Nell’ irruzione di Como dei naziskin, si evidenzia una escalation di fenomeni di discriminazione nei quali, come scrive Cesare Martinetti, “c’è molto di antico, ma c’è soprattutto molto di nuovo in questa operazione che pur condotta senza l’uso del manganello ha un inequivocabile marchio squadrista”.
L’avanguardia che fa politica in casa nostra
Bisogna guardare con lucidità le facce di questi quindici ragazzi vestiti come in divisa: jeans un po’ slavati e bomber nero, capelli cortissimi, qualche cranio rasato, qualche barba curata. Espressioni dure, minacciose nella forza della presenza, silenziosa e ordinata con cui hanno spalleggiato il portavoce, un giovanotto che ha letto un breve testo, scandito come un comunicato. Sono facce normali, non mostri o caricature di mostri, nessuna anticaglia nostalgica, non avevano creste sulla testa, né borchie sulle spalle.
B
isogna guardarli bene perché sono l’avanguardia di un movimento che si sta dilatando a galassia, che si muove e si articola laddove la politica tradizionale è rimasta senza parole. Sono i missionari di un verbo antico che rispetta una grammatica scontata ma che riempie i vuoti di risposte e di paure. L’operazione compiuta martedì sera a Como non può essere stata improvvisata, risponde a una strategia elaborata in quel Veneto profondo e fecondo dell’estrema destra italiana, dove sono state progettate e realizzate le stragi nere della storia dell’Italia repubblicana. Ma esprime anche domande «nuove», diffuse, politiche. Sarebbe sbagliato guardare all’azione compiuta a Como come a una semplice rievocazione squadristica. Meno che mai al lugubre folklore naziskin.

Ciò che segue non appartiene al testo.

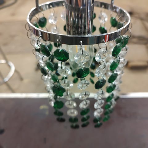 Myydään siisti ja ehjä, pari vuotta käytössä ollut kattovalaisin suoraan käytöstä uuden tieltä. Halkaisija n. 26cm. Timantit muovia.

Tutto questo avviene mentre in modo sempre più palese si manifesta nel resto d’Europa una rete che ha come epicentro Budapest, l’Ungheria del duce Orban che sta emergendo sempre più come il leader che ha creato l’ambiente ideale per l’incubazione di un nuovo paradigma nero. Su «La Stampa» di oggi trovate il reportage di Andrea Paladino da Ásotthalom, nome ideale da fantasy gotico, al confine tra Ungheria e Serbia, laddove passa il «muro» (uno dei tanti del nuovo mondo), barriera di ferro e di simboli, dove l’Ungheria ha costruito la sua diga contro il fiume di siriani che due anni fa scappavano dalla guerra. Qui si incrociano i fili dell’estrema destra italiana con quelle del resto dell’Europa, soprattutto dell’Est, dove nel giro di pochi anni l’emancipazione dall’Urss ha alimentato un nazionalismo aggressivo che si esprime in regimi democratici, ma che teorizzano soluzioni autoritarie, in Polonia, Cechia, Bulgaria e formalizzate nel gruppo di Visegrad, spina costante nel cuore dell’Unione europea. Il modello è Putin, leader riconosciuto delle democrature post comuniste, protettore al tempo stesso di tutti i valori anti-Ue e del despota siriano Assad. Ma piace molto anche Erdogan, leader di un Paese come la Turchia altra sentina storica di lupi grigi e poteri armati.
Da Visegrad a Ostia il passo è meno lungo di quanto possa sembrare. È nelle periferie degradate che la debolezza dei regimi democratici ha lasciato praterie da conquistare non tanto o soltanto con le testate degli scagnozzi mafiosi ai giornalisti, ma con la disciplina dei giovani militanti di CasaPound e dintorni che battono i quartieri abbandonati a se stessi. Crolla la partecipazione ai riti democratici, il welfare non dà risposte, gli stranieri appaiono una presenza minacciosa. O le nostre democrazie sapranno dare presto risposte e uscire dalla retorica o i ragazzi del bomber sono destinati a crescere. Guardateli bene.